• _Material provided_:
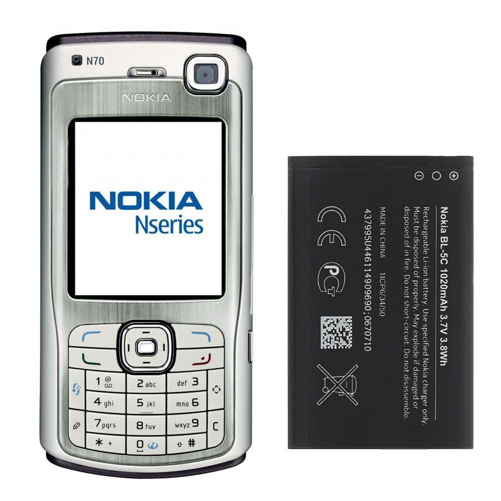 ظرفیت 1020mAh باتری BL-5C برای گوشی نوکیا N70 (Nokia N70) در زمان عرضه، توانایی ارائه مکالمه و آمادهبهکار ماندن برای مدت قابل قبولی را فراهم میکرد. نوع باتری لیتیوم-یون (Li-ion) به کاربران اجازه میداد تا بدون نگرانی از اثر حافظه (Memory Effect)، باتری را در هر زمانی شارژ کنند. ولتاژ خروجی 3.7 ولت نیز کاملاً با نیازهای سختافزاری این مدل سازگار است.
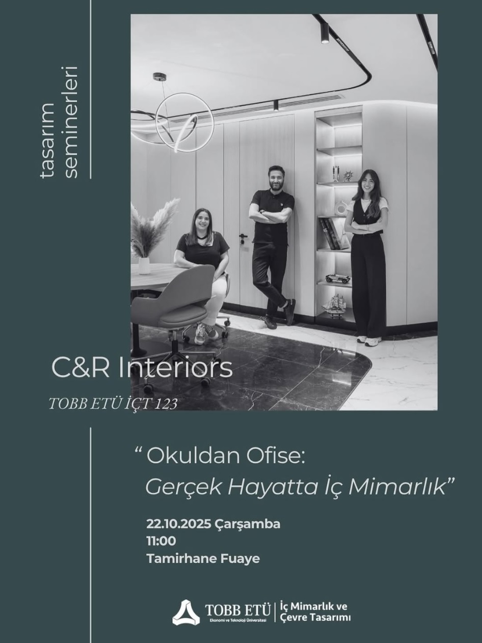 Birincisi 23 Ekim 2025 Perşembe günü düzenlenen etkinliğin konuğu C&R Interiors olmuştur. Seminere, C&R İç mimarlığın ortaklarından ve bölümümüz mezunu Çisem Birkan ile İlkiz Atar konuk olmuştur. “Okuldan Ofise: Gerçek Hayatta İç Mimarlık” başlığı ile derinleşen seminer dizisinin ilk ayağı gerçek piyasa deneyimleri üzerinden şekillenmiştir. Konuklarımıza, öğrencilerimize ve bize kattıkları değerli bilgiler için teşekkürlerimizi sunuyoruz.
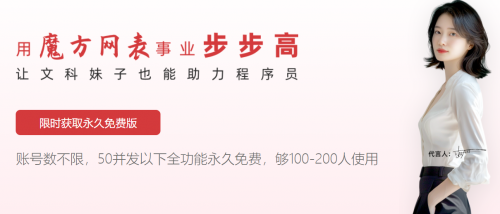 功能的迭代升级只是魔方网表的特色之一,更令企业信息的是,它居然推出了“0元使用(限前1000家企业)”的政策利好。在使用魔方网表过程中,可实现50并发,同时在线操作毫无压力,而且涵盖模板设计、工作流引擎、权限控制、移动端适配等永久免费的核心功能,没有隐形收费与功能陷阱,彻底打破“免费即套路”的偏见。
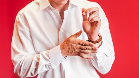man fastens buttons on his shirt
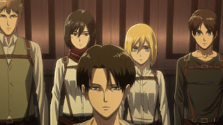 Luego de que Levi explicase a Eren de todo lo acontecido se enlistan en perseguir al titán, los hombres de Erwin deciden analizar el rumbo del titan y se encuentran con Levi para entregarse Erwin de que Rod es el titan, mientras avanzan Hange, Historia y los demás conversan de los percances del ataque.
---
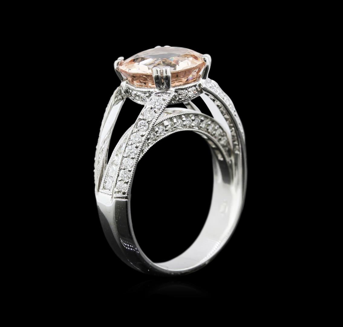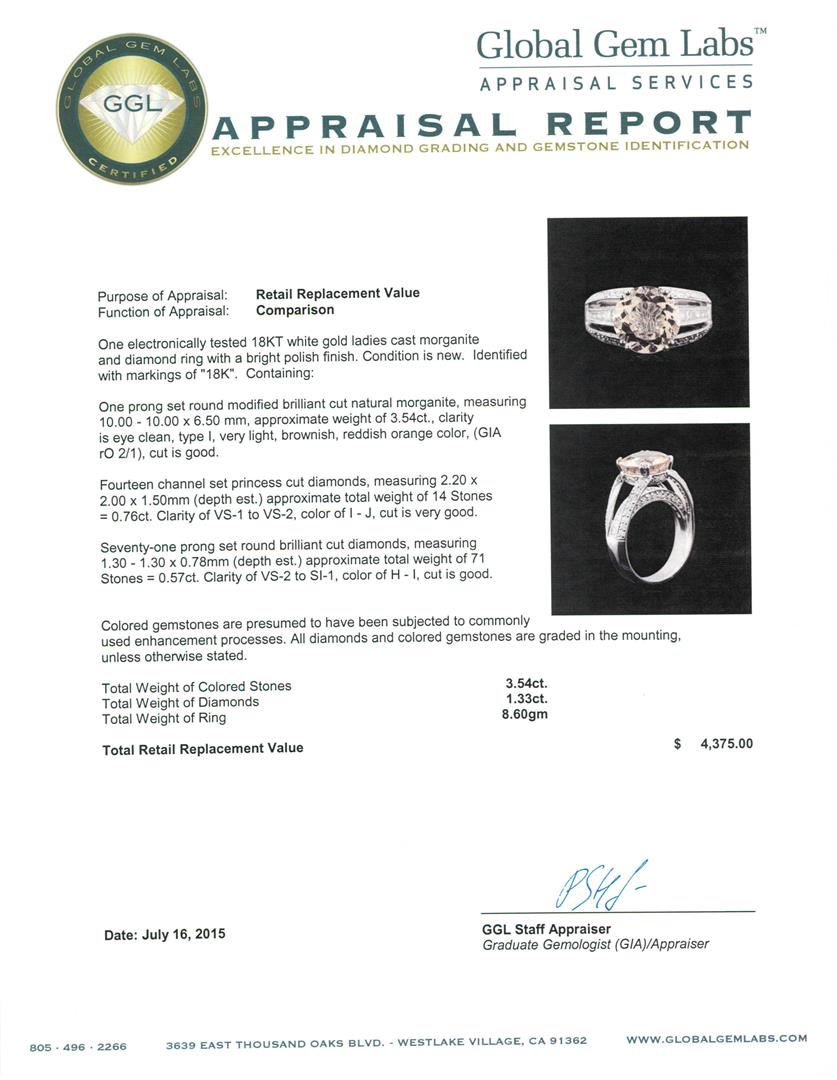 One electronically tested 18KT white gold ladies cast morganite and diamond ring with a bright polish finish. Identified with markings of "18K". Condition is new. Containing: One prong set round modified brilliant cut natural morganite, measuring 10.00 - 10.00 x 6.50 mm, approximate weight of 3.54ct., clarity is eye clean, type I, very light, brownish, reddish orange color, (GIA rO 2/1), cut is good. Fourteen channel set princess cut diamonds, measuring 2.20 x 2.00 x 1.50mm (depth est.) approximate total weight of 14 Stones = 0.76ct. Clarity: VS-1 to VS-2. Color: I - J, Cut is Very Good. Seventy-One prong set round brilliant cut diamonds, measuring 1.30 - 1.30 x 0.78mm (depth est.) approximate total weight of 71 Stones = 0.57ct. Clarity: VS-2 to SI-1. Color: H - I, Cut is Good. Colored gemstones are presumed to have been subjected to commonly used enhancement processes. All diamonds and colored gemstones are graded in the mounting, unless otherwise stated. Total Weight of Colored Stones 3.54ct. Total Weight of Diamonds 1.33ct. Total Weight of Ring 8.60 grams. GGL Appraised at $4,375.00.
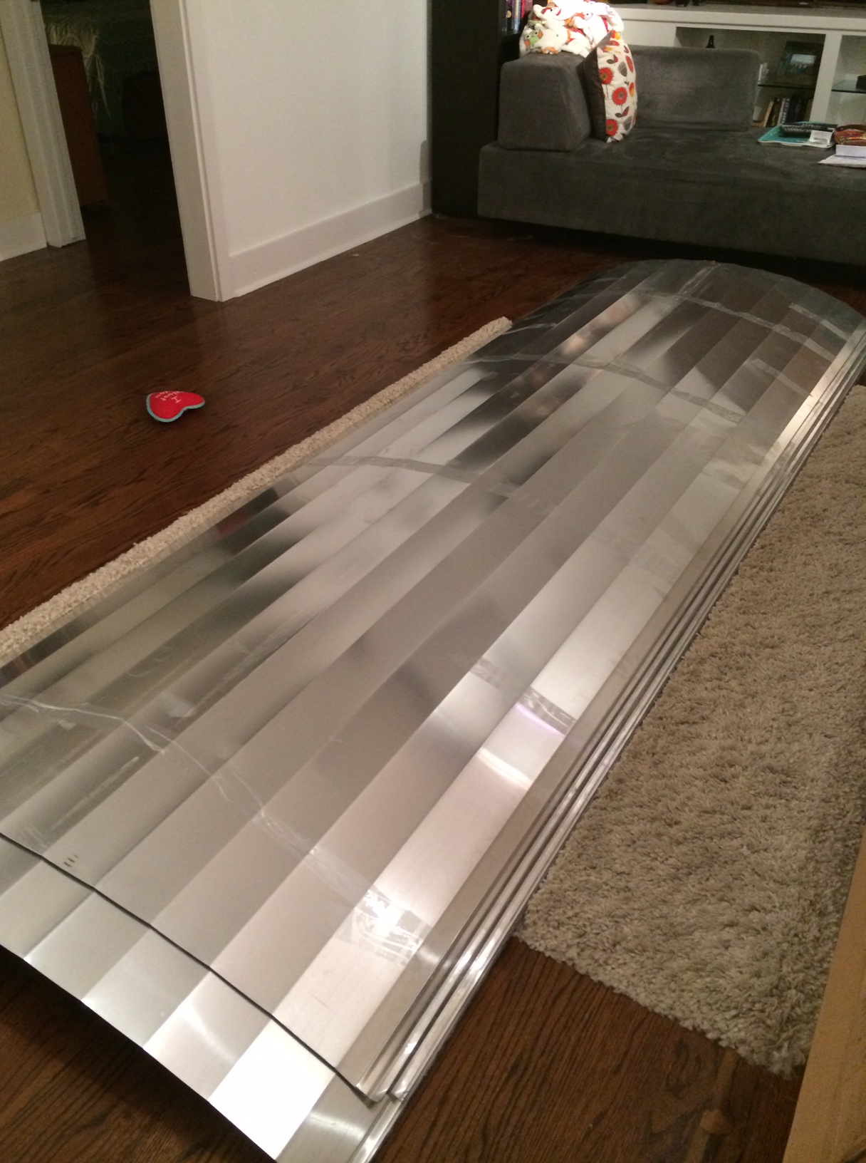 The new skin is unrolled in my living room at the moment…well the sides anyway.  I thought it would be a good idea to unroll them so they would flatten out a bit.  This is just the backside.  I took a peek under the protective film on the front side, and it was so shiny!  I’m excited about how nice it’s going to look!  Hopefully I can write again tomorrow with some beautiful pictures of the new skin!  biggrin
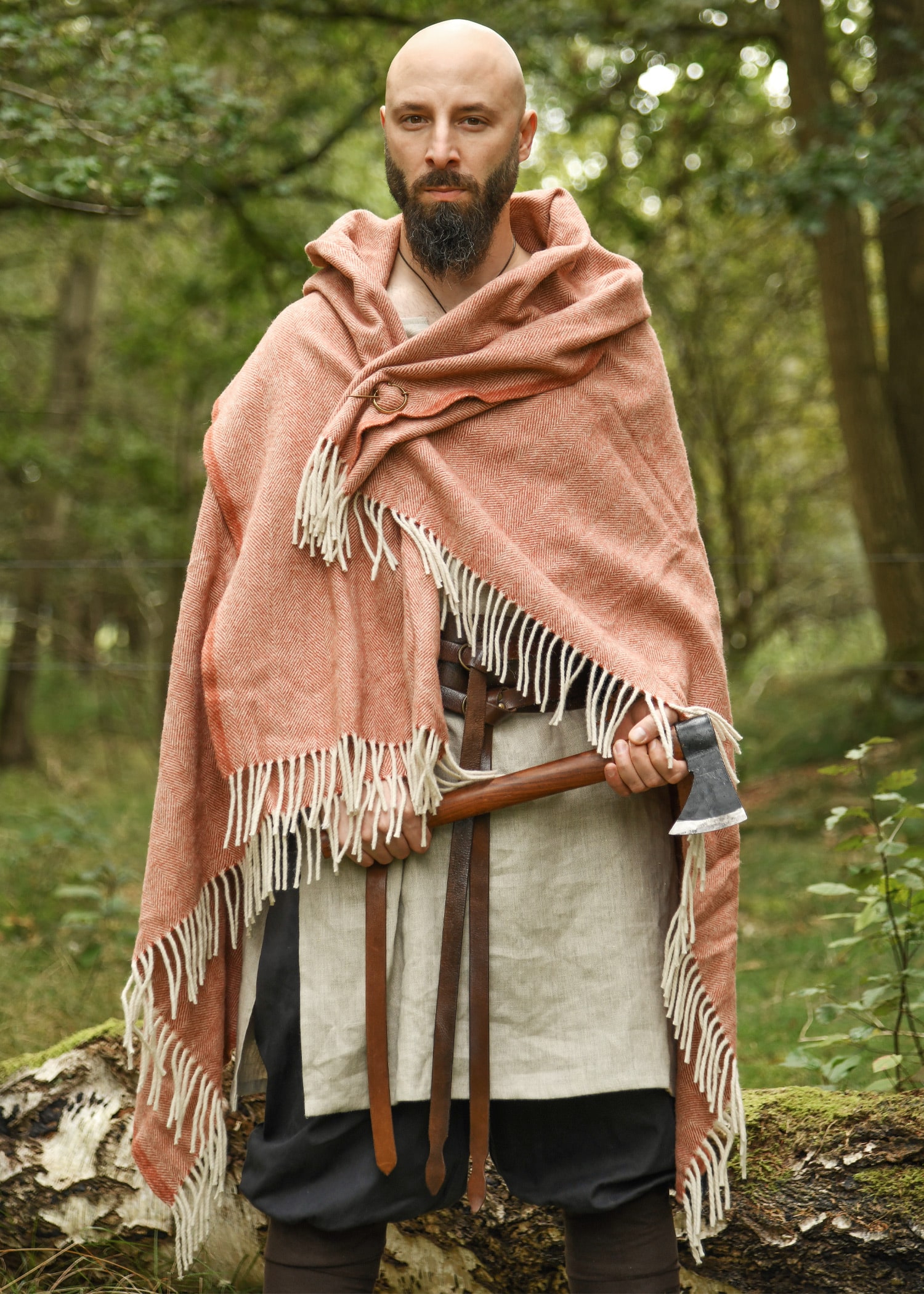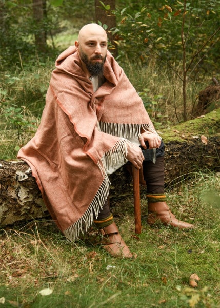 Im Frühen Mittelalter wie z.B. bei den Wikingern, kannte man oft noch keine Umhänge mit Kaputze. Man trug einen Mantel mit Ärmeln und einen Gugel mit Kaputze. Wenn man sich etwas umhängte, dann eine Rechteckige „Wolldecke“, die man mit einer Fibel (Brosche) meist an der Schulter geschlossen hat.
...
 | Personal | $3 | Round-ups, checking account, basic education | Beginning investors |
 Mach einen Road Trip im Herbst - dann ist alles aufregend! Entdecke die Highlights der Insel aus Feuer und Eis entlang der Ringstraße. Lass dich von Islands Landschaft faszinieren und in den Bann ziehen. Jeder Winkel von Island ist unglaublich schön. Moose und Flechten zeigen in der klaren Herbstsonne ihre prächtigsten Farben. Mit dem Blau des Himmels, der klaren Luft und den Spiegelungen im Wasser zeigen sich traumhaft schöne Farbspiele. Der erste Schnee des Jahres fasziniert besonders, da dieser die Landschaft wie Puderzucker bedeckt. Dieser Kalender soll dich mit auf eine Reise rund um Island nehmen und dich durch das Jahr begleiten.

• _What you have to do_: Above are some entries. Restate word for word the lines from the one holding "man fastens buttons on his shirt" through the one holding "Luego de que", but not the pictures.

• _Written solution_:
man fastens buttons on his shirt
 Luego de que Levi explicase a Eren de todo lo acontecido se enlistan en perseguir al titán, los hombres de Erwin deciden analizar el rumbo del titan y se encuentran con Levi para entregarse Erwin de que Rod es el titan, mientras avanzan Hange, Historia y los demás conversan de los percances del ataque.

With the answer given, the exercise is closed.